6. The method for panel defect detection based on image grayscale equalization according to claim 5, characterized in that, The process for introducing a contrast limiting mechanism is as follows: The upper limit of contrast is obtained based on the grayscale histogram of the panel image; The histogram of each sub-block is validated, and histograms that exceed the contrast limit are clipped and the clipped portions are redistributed.
7. The method for panel defect detection based on image grayscale equalization according to claim 1, characterized in that, The process of performing feature annotation on the equalized image and training the neural network based on the feature-annotated equalized image is as follows: Defect classification and feature annotation are performed on the balanced images to construct a training sample set; The sample images from the training sample set are input into the neural network to train the model and obtain the object detection model.
8. The method for panel defect detection based on image grayscale equalization according to claim 7, characterized in that, The target detection model uses Faster R-CNN or YOLO.

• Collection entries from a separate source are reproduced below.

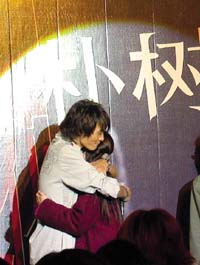 小舞臺(tái)的背板中躥起了耀眼的煙火,樸樹在歌迷的淚眼婆娑中道別,瘋狂的女歌迷再也按捺不住內(nèi)心的激動(dòng),沖破保安的阻攔撲向了偶像的懷抱……突出重圍的樸樹對(duì)嘉賓老狼說(shuō)的第一句話就是:“剛才的場(chǎng)面嚇壞我了,現(xiàn)在真想唱你的那首歌《虎口脫險(xiǎn)》!(記者王錚)
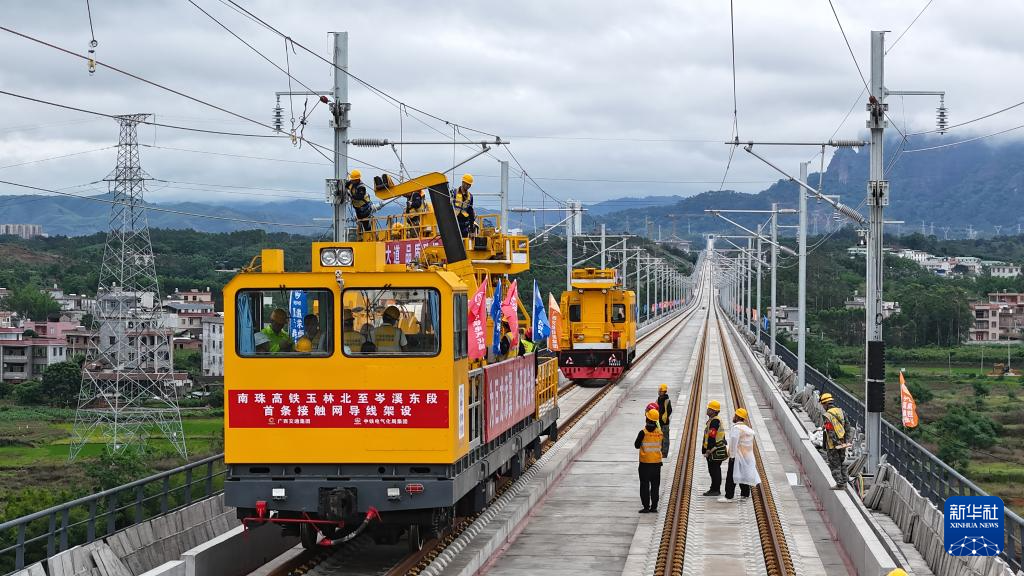 4月23日,南珠高铁玉岑段首条接触网导线在广西玉林北至容县南区间成功架设,容县南站、岑溪东站也于近期相继封顶,标志着工程建设全面进入冲刺关键期。南珠高铁玉岑段西起玉林北站,东至梧州市岑溪市,新建容县南站、岑溪东站,设计时速350公里,是南珠高铁南玉段的重要延伸。项目建成通车后,将有力推动北部湾经济区与粤港澳大湾区“两湾联动”融合发展,为沿线经济社会高质量发展注入强劲动能。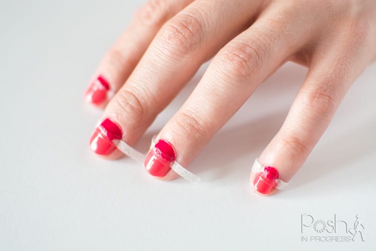 - Apply one strip directly above the natural half moon shape on your nail bed and press to ensure all the air bubbles are out of the tape for a secure seal.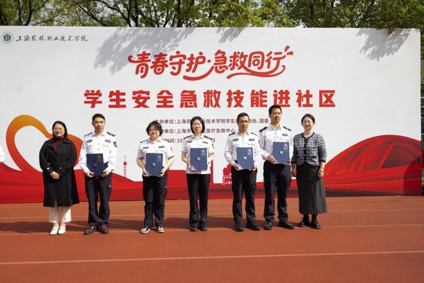 院团委书记张楠、学工部副部长张莎莎向松江急救中心的专业师资团队颁发了“一站式”学生社区特聘安全技能培训导师聘书,专业力量的加入为后续学生急救技能的提升筑牢了坚实根基。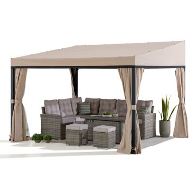 Sunjoy 10 x 12 ft. Wall Mounted Gazebo, Lean to Gazebo, Black Aluminum & Metal Frame with Curtains and Netting
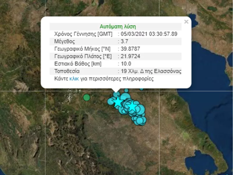 Μετασεισμός μεγέθους 3,7 Ρίχτερ ανησύχησε στις 05:30 τα ξημερώματα της Παρασκευής τους κατοίκους της Ελασσόνας. Ήταν ο ισχυρότερος από τους συνολικά 24 μετασεισμούς που σημειώθηκαν μετά τα μεσάνυχτα στη περιοχή.

9. A system for panel defect detection based on image grayscale equalization, characterized in that, The system includes: The grayscale statistics unit performs grayscale value statistics on the panel image using an image grayscale value statistics method to obtain a grayscale histogram of the panel image. A gray-level equalization unit, which uses an adaptive histogram equalization algorithm to perform gray-level equalization processing on the panel image based on the gray-level histogram of the panel image, so as to obtain an equalized image. A model training unit is configured to perform feature annotation on a balanced image and train a neural network based on the feature-annotated balanced image to obtain a target detection model. A defect detection unit performs panel defect detection on the balanced image based on a trained target detection model to obtain defect detection results.
10. A computer device comprising a memory, a processor, and a computer program stored in the memory and executable on the processor, characterized in that: When the processor executes a computer program, it implements the method for panel defect detection based on image grayscale equalization as described in any one of claims 1-8.
11. A computer-readable storage medium, characterized in that, The computer-readable storage medium stores a computer program, which, when executed by a processor, implements the method for panel defect detection based on image grayscale equalization as described in any one of claims 1-8.
12. A computer program product, comprising a computer program, characterized in that, When executed by a processor, the computer program implements a method for panel defect detection based on image grayscale equalization as described in any one of claims 1-8.